Abstract
Objective. To assess the longterm efficacy and safety of golimumab in patients with active rheumatoid arthritis (RA) despite methotrexate (MTX) therapy.
Methods. We randomized 444 RA patients with inadequate response to MTX (3:3:2:2) to placebo + MTX (Group 1), golimumab 100 mg + placebo (Group 2), golimumab 50 mg + MTX (Group 3), or golimumab 100 mg + MTX (Group 4). Subcutaneous golimumab/placebo was injected every 4 weeks. Patients could escape early (Group 1 added golimumab 50 mg, Group 2 added MTX, Group 3 increased golimumab to 100 mg, Group 4 continued 100 mg) based on Week 16 swollen and tender joint counts. From Week 24, Group 1 patients received golimumab 50 mg + MTX. After the Week 52 database lock, patients in the longterm extension received golimumab 50–100 mg ± MTX. Coprimary endpoints [Week 14 American College of Rheumatology (ACR)20, Week 24 Health Assessment Questionnaire Disability Index (HAQ-DI)] and Week 52 findings have been published; 2-year findings (observed data by randomized group, no imputation) are presented.

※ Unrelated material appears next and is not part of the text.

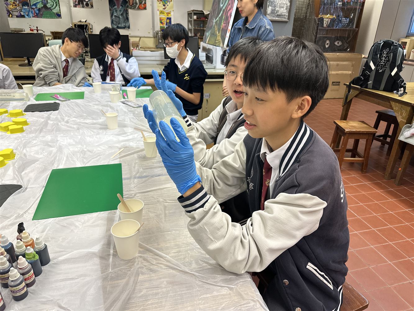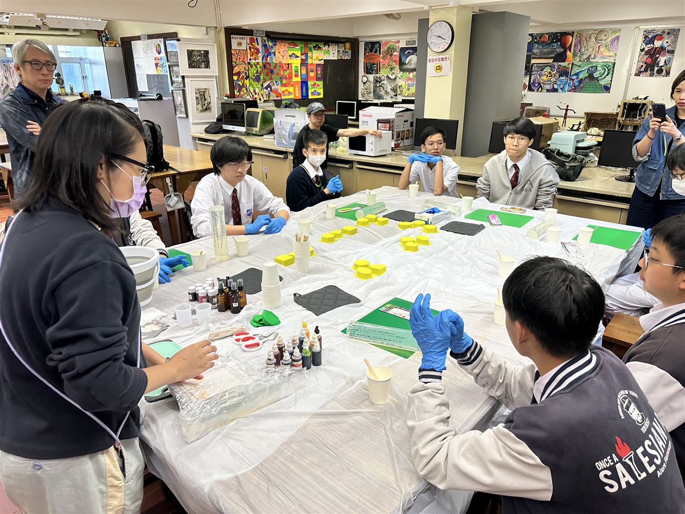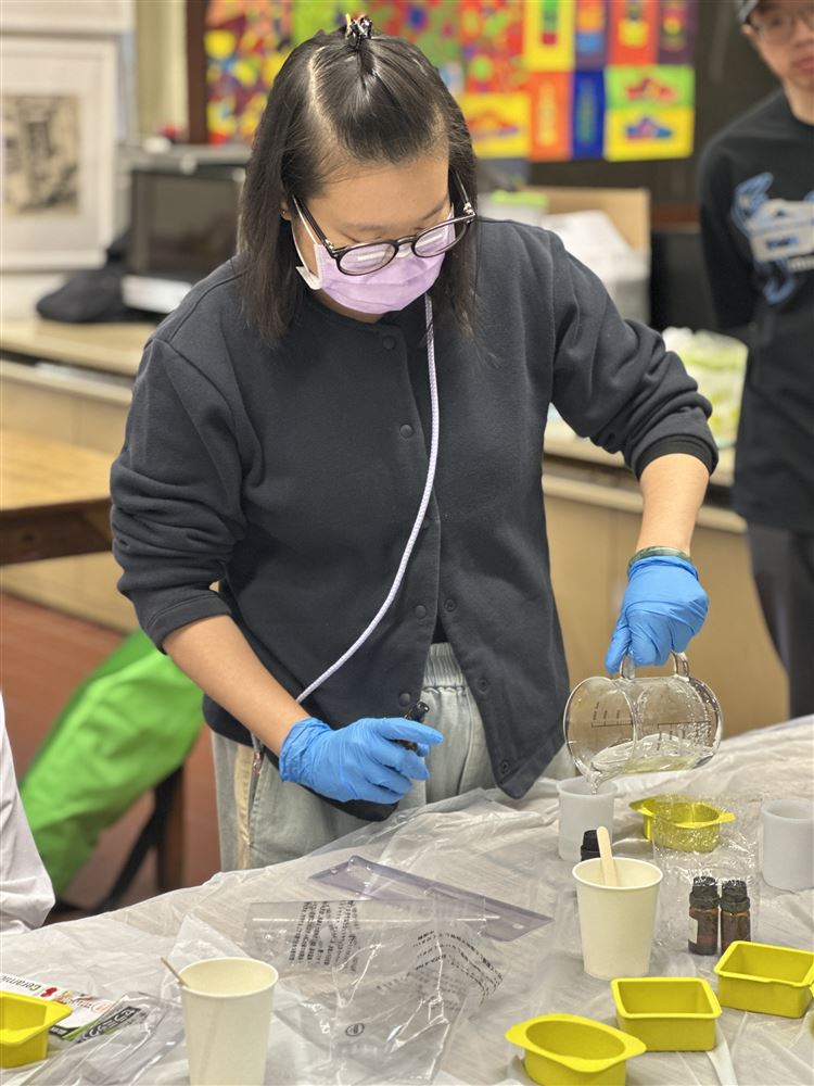 Over two hours of activities time, participating students and teachers began by learning about materials, then step by step mastered color mixing, layering, and shaping. Finally, they were thrilled to unmold their creations, watching the flowing textures and colors within the transparent soap gradually solidify into "jewels". Throughout the process, everyone's focused expressions, shared inspiration, and cheers upon successful unmolding filled the workshop with warmth and vitality.

Results. Of 444 randomized patients, 392 continued from Week 52 (Group 1: n = 116, Group 2: n = 116, Group 3: n = 84, Group 4: n = 76). Clinical improvement was maintained through Week 104; ∼75% and 72% of patients randomized to golimumab 50 mg + MTX and 100 mg + MTX achieved ACR20 response, respectively. The majority [88% (105/120)] of golimumab + MTX–treated patients with Week 24 HAQ-DI improvement ≥ 0.25 maintained improved physical function through Week 104. Group 1 patients with delayed golimumab treatment exhibited more Week 104 radiographic progression (mean change score = 1.15) than golimumab + MTX-randomized patients (0.52). Incidences of serious infections were 2.24, 4.77, 5.78/100 patient-years of followup for golimumab 50 mg + MTX, 100 mg + placebo, and 100 mg + MTX, respectively.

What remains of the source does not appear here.